Having guidelines in navigating the complex web of taxation is pivotal to a well-informed and prosperous society. There is a challenge for the Government and tax authorities to align rules and regulations with the evolving economic and societal needs while clearing out gray areas along the way.
The determination of the prescriptive period and the assessment of tax liabilities during tax audits require careful consideration due to some of its complexities. In a recent case decided by the Supreme Court concerning a domestic corporation (Petitioner), the significance of the prescription period in assessing value-added tax (“VAT”) deficiency and the issue of VAT imposed on interest on loan transactions were brought to the forefront. The decision, in this case, hinged on the impact of the taxpayer’s amendment of return to the prescriptive period to assess and on when loan transactions are considered incidental business transactions subject to VAT.
On the issue of prescription, Section 203 of the National Internal Revenue Code of 1997, as amended, (“Tax Code”) provides that internal revenue taxes shall be assessed within three (3) years after the last day prescribed by law for the filing of the return or from the day the return was filed, whichever is later. Considering that the Petitioner’s VAT declaration was originally filed on 25 April 2000 and the Formal Assessment Notice was issued on 21 January 2004, it was protested that the assessment of its VAT liability has been prescribed. The Petitioner argued that the three-year prescriptive period for assessment shall be counted from the filing of the original return unless a subsequent return filed at a later date contains substantial amendments. It is to be noted that the subsequent return filed by the Petitioner on 04 September 2001 did not change the VAT payable as it merely corrected its mistake of filing BIR Form No. 2550M instead of BIR Form No. 2550Q. However, the petition was initially dismissed by the CTA First Division and CTA En Banc, ruling that the first return (BIR Form No. 2550M) is distinct and different from its second filed return (BIR Form No. 2550Q). The Supreme Court, however, ruled that a substantial amendment is an increase or reduction of either taxable sales/receipts or input VAT for any of the months of the taxable quarter, which would lead to a corresponding change in the amount of VAT payable for the quarter. However, there was no such alteration in this case.
Given the foregoing, it was ruled that the prescriptive period should commence from the filing of the original VAT return (i.e., 25 April 2000), which the government only had until 25 April 2003 within which to assess the Petitioner on its VAT return for the first quarter of 2000. Due to the passage of time, the Bureau’s pursuit of the case was legally prevented due to the statute of limitations.
On the issue of VATability of interest on loans granted, generally, only transactions that are made “in the course of trade or business” are subject to VAT pursuant to Section 105 of the Tax Code.
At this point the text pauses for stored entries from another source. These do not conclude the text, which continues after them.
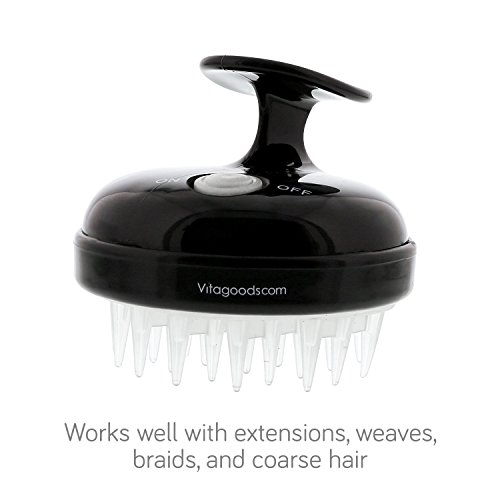 Apply a small amount of your favorite shampoo to your scalp and distribute through the roots of your hair.Press the On/Off button to activate the vibration to desired speed on your Vitagoods Scalp Massaging Shampoo Brush. Hold the massager in the palm of your hand with the rubber tips facing away from you and the handle in between your index and middle fingers for a firmer grip and better control. Starting at the front of your head, slowly move the shampoo brush over your entire scalp, using as much or as little pressure as you’d like, and taking care to spend extra time on areas where you may have noticed flaking or dry scalp. Note: If you have long hair, take care not to pull through the length of your hair. When finished, press the On/Off button to deactivate the vibration, and rinse any shampoo suds or residue from the rubber tips.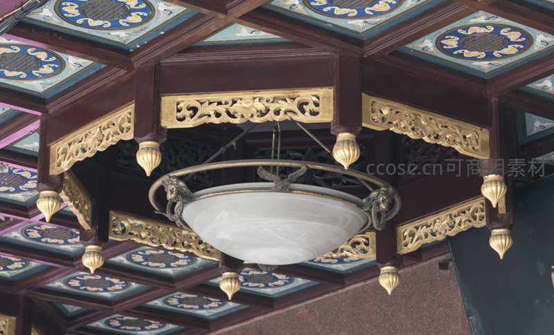 古典藻井与雕花梁架下的复古吊灯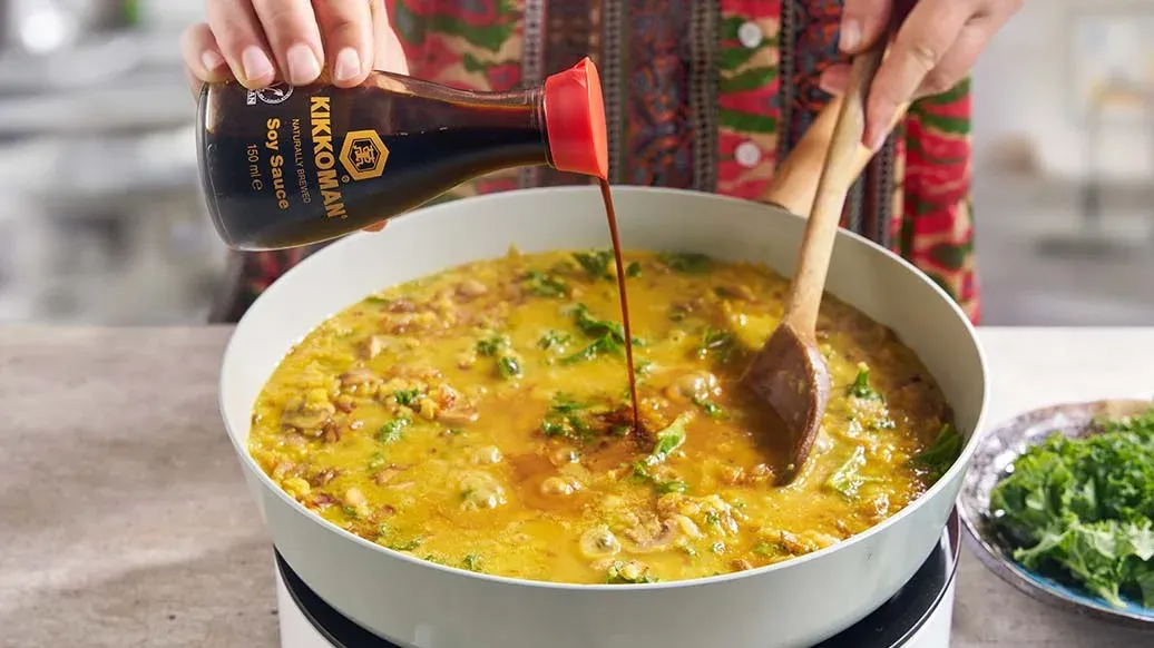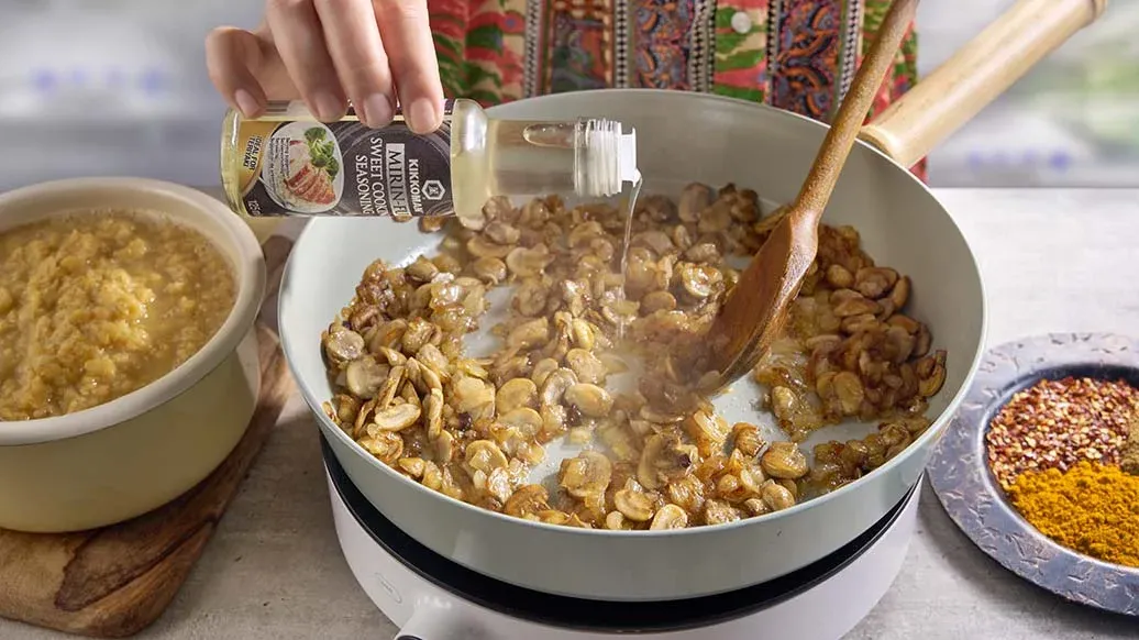 Linsen 10 Minuten in Gemüsebrühe kochen. Zwiebel und Champignons 10 Minuten in Ghee goldbraun karamellisieren, dann Kikkoman süße Würzsauce Mirin-Art hinzufügen und 1 Minute anbraten. Kreuzkümmel, Kurkuma und Chiliflocken zugeben und 10 Sekunden rösten, damit sich die Aromen entfalten können. Die Linsen unterrühren und 5 Minuten kochen.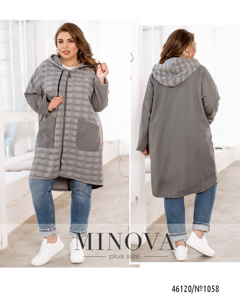 62-64 р-р: длина кардигана 84/102см, длина рукава от плечевого шва 60см, обхват рукава 50см, ОГ - 144см, ОТ -146см, ОБ -150см.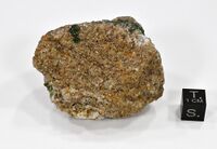 Коллекция Систематическая коллекция, №77127. Зеленые полупрозрачные изометричные кристаллы {110} размером до 0.4см в кавернозном зернистом кварцевом агрегате. Длина экспоната 6.0 см.Размер минерала 0.50 см.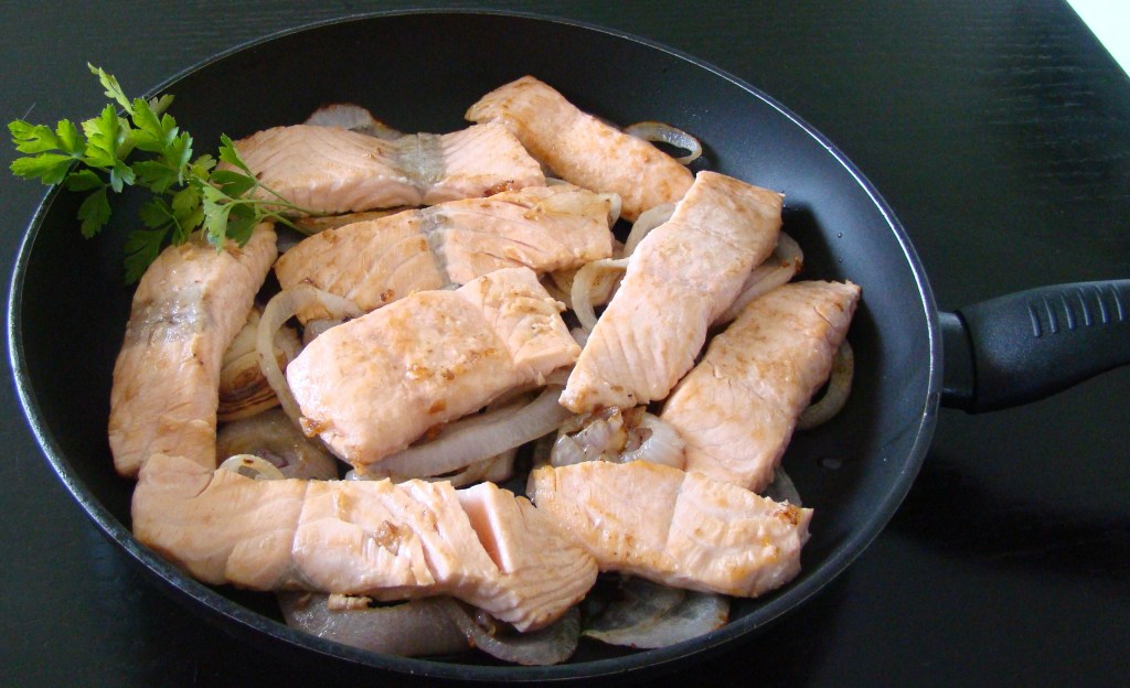 INGREDIENTES: 4 lomos de salmón abiertos, 2 cucharadas de aceite de oliva virgen y 2 cebollas grandes de guayonge.

The phrase "in the course of trade or business" means the regular conduct or pursuit of commercial or economic activity, including transactions incidental thereto.
The Commission of Internal Revenue (“CIR”) contended that the Petitioner’s loan assistance to its affiliates is incidental to the latter’s business and the interest on such should be subject to VAT. The Petitioner opposed this and considered the loan transactions to be outside the scope of VAT, as they were not income derived from its regular trade or business. The Petitioner further supported its assertion by adding that such activity or transaction is merely occasional and for accommodation since it granted only five loans and only on three occasions during the entire year 2000. However, the Supreme Court’s rationale in considering whether a loan transaction is incidental was not based on the regularity or habituality, but on whether it is something else primary or incidental to the main line of business. Looking at the instant case, there is an apparent lack of basis showing the connection between the granting of financial assistance and the Petitioner’s primary purpose of providing management services to clients. Hence, the Supreme Court ruled in favor of the Petitioner taxpayer that VAT should not be applied to the interest income on the loans.
The Supreme Court's decision on this case provides much-needed legal certainty for taxpayers filing returns without substantial amendments and for taxpayers engaging in loan activities that fall outside their ordinary trade or business. This provides some clarity on the reckoning period of the three years of assessment and the consistency of our tax laws governing the nature of incidental transactions. The court drawing finer lines of distinction allows taxpayers to have a clearer understanding of their rights and obligations, ensuring consistency and reducing potential confusion.
Striking a balance between the rights of taxpayers and the government's need for revenue collection fosters transparency and fairness within the tax system. This ultimately allows taxpayers to plan their financial affairs with confidence while ensuring that revenue authorities can fulfill their collection duties effectively.